Locally, rural policy, landscape impact and services such as drainage are usually the key constraints, especially outside settlement boundaries. For extension specifically, Cornwall Council's Local Plan applies tighter tests to isolated rural dwellings here, so design rationale and policy fit need to be set out clearly from the outset. Which is why we scope St Breward projects parish-up, not template-down — the PL30 context shapes the design from day one.

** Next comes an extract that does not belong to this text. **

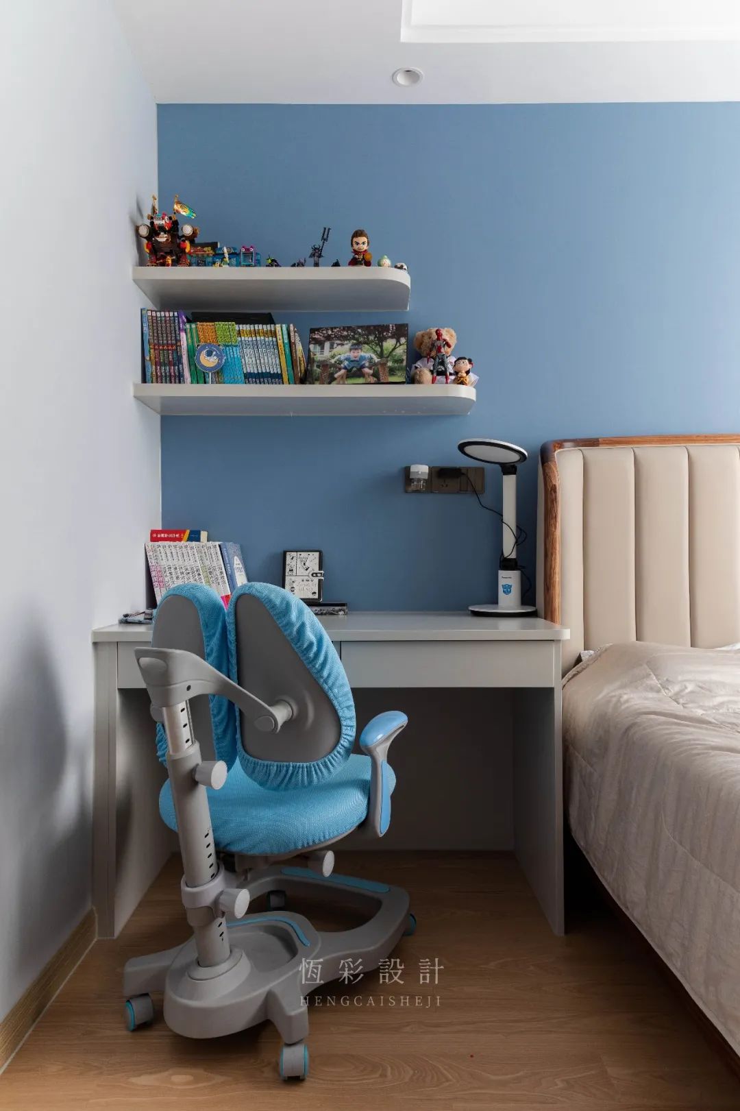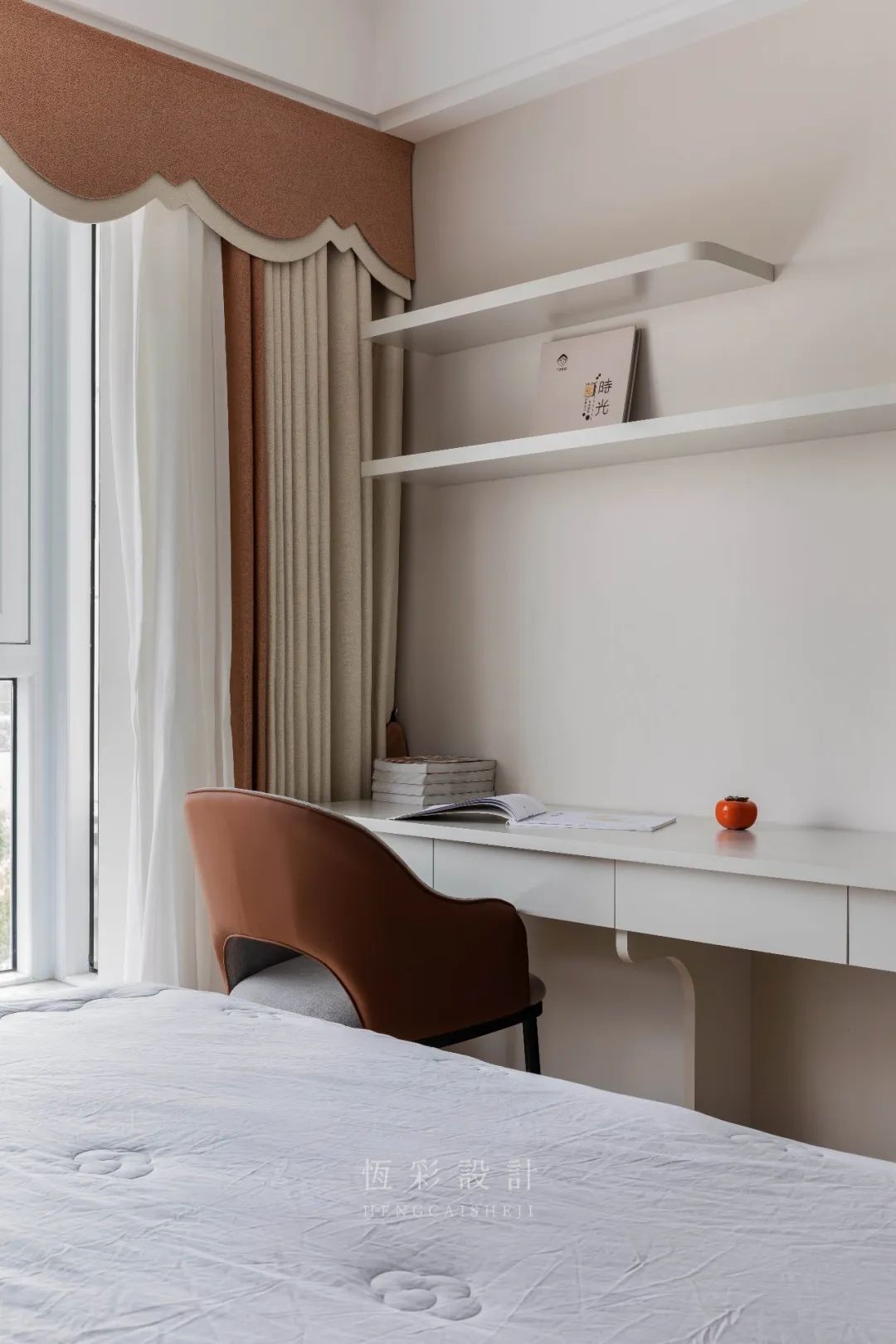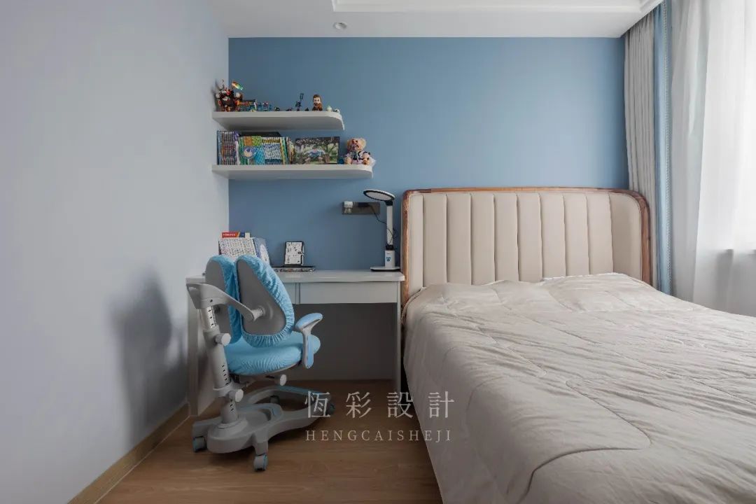 床尾定制书桌+置物隔板,简单的布局,更凸显设计本身的功能性。

Whether the project is on farm buildings in the centre or further out toward Bodmin, the extension response is locally tuned.
Planning note
Most extensions in Cornwall are either permitted development or a straightforward householder application — but Conservation Area and AONB sites need a more careful design conversation upfront.
What we focus on
Extensions considerations specific to St Breward.
01
Drainage on older Cornish properties is rarely on a clean modern map; CCTV survey before design is often money well spent.
02
Wind and sea-spray exposure can drive material choices on west-facing extensions; we detail accordingly.
03
Permitted development for rear extensions runs to four metres on a detached house, three on a semi or terrace — but Article 4 areas remove this in some parishes.
04
Extensions over a certain proportion of the original house trigger full Part L upgrade obligations to the existing building — worth knowing before brief is set.
Our process
How a St Breward extension project runs.
Step 1
Brief
We meet on site, talk through how you live now and what's missing from the current layout.
Step 2
Design
Two or three sketch directions with rough budgets, then refinement of the chosen route.
Step 3
Approvals
Planning or Cert of Lawfulness, then a full building regs package.
Step 4
Build
Either through your own builder with our drawings, or as a full build by our team.
Step 5
Handover
Snag, certify, hand over the keys to your new space.

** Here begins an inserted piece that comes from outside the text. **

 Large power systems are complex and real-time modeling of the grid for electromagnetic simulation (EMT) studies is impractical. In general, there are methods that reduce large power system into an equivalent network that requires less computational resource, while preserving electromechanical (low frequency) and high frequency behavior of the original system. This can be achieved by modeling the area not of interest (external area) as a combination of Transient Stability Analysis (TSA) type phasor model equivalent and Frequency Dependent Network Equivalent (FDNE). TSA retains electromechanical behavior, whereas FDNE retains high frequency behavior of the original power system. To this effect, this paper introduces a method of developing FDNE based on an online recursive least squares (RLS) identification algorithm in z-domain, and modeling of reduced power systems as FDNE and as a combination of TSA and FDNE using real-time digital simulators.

Typical single-storey rear extensions run twelve to twenty weeks on site; two-storey and wraparound projects sixteen to thirty weeks.
Local fabric
Choosing a extension team that actually knows PL30.
Building stock
Across St Breward (PL30) we work on stone cottages, farm buildings, isolated houses, converted barns, small rural infill. Each stock type drives a different extension response — farm buildings in particular needs careful detailing here.
Parish & policy
St Breward sits in the parish of St Breward, which matters for how parish-level consultation lands on a extension application.
Coverage
We cover PL30 from our studio, with regular extension jobs also running in Bodmin, Washaway, Nanstallon. Most St Breward site visits get booked within the same week.
What does a first St Breward consultation cost?
Nothing. We come to the property, walk the site, talk through what works on a PL30 plot and follow up with a written feasibility note inside a week — no obligation either way.
Request a free visitSt Breward is part of Bodmin
St Breward sits inside the Bodmin catchment — we cover both as one extension territory.
See Extensions in Bodmin →Other services in St Breward
Nearby places we cover
A extension in St Breward stands or falls on how well it reads the street — we treat that as the design brief, not an afterthought.